» Exercise inputs:
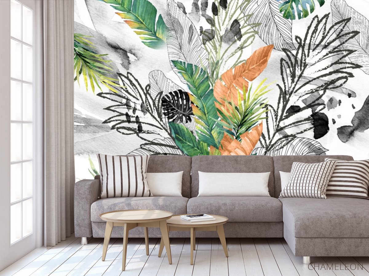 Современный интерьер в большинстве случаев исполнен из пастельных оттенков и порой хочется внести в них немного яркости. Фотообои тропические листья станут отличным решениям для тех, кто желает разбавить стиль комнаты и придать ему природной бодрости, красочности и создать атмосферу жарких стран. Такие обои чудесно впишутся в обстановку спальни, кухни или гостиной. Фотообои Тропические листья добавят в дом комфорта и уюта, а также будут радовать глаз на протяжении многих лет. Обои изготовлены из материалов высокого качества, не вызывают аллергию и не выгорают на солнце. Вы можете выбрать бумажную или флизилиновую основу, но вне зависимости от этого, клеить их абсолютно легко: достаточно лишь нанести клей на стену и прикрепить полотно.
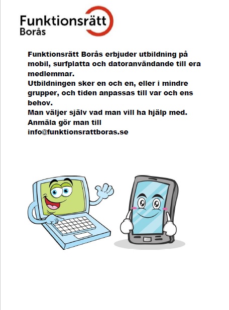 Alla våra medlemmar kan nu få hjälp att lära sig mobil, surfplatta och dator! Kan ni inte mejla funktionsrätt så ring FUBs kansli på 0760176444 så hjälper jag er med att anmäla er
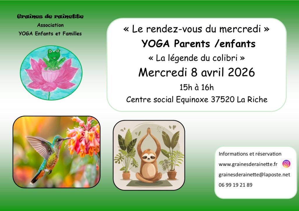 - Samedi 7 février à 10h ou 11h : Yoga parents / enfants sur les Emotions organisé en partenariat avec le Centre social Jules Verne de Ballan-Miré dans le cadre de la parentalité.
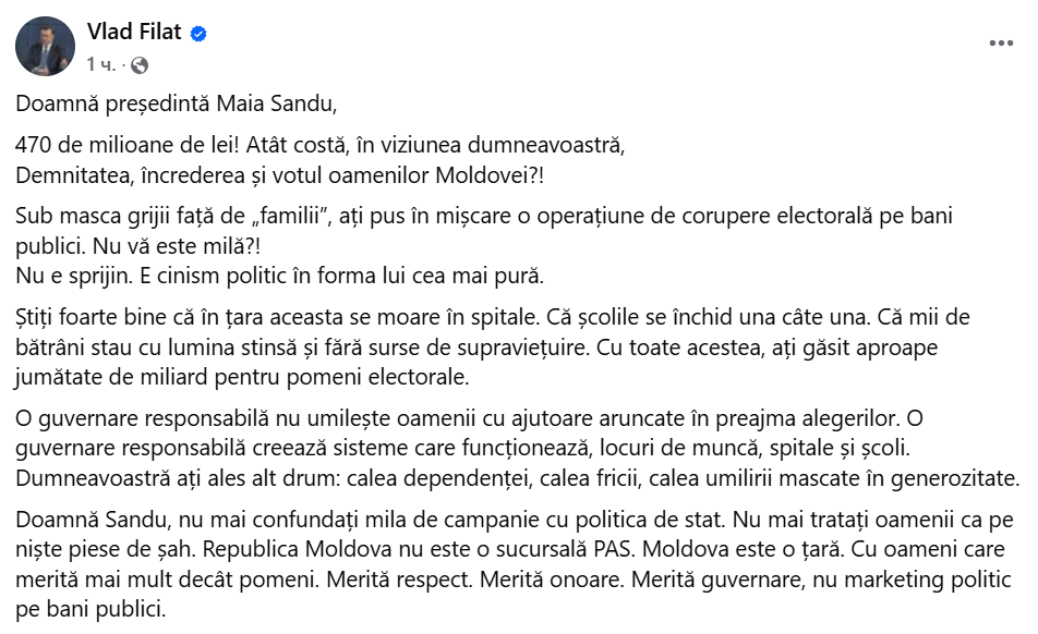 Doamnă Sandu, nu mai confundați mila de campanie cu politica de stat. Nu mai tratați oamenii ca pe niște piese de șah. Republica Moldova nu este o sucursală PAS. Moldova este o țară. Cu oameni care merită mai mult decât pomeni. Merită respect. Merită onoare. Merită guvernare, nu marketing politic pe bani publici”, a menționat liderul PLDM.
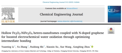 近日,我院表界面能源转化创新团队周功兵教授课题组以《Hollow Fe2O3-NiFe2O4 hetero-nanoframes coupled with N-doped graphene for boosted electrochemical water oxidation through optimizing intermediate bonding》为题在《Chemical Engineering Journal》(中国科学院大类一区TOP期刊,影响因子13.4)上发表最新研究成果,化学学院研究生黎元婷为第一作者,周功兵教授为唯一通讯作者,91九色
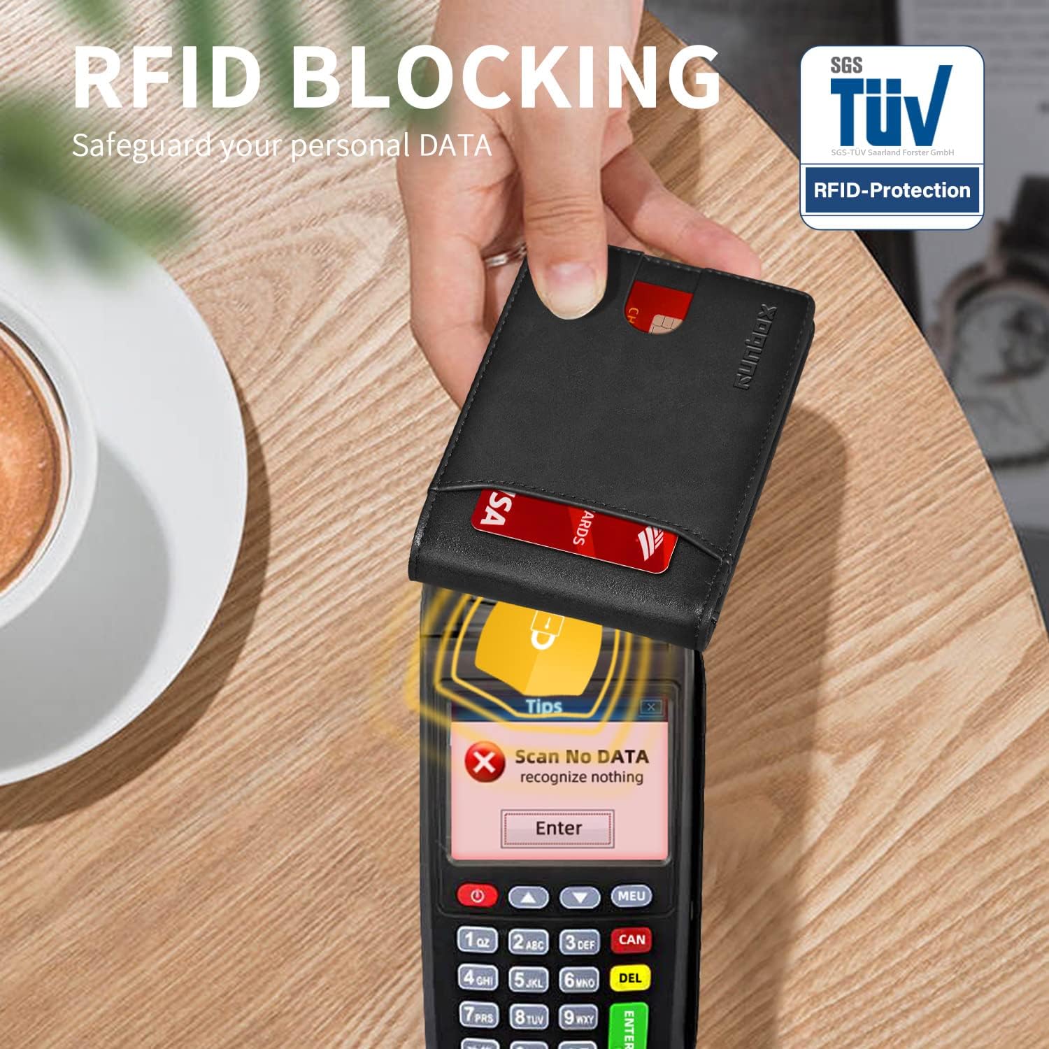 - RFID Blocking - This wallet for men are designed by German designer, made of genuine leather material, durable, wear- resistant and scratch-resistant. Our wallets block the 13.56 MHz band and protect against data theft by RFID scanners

---

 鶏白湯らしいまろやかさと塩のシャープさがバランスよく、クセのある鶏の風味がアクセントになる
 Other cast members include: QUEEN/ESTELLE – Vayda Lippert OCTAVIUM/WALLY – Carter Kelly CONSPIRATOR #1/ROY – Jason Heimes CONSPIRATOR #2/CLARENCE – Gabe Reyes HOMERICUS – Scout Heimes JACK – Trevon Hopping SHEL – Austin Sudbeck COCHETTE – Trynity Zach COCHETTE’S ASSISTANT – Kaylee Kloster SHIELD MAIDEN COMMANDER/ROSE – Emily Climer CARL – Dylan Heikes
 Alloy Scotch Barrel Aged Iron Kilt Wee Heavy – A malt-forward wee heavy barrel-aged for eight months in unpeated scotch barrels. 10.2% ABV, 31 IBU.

» Problem:
Reproduce the entries above exactly, but only the lines between the line holding "Other cast members" and the line holding "Alloy Scotch Barrel", inclusive.

» Solution for this task:
 Other cast members include: QUEEN/ESTELLE – Vayda Lippert OCTAVIUM/WALLY – Carter Kelly CONSPIRATOR #1/ROY – Jason Heimes CONSPIRATOR #2/CLARENCE – Gabe Reyes HOMERICUS – Scout Heimes JACK – Trevon Hopping SHEL – Austin Sudbeck COCHETTE – Trynity Zach COCHETTE’S ASSISTANT – Kaylee Kloster SHIELD MAIDEN COMMANDER/ROSE – Emily Climer CARL – Dylan Heikes
 Alloy Scotch Barrel Aged Iron Kilt Wee Heavy – A malt-forward wee heavy barrel-aged for eight months in unpeated scotch barrels. 10.2% ABV, 31 IBU.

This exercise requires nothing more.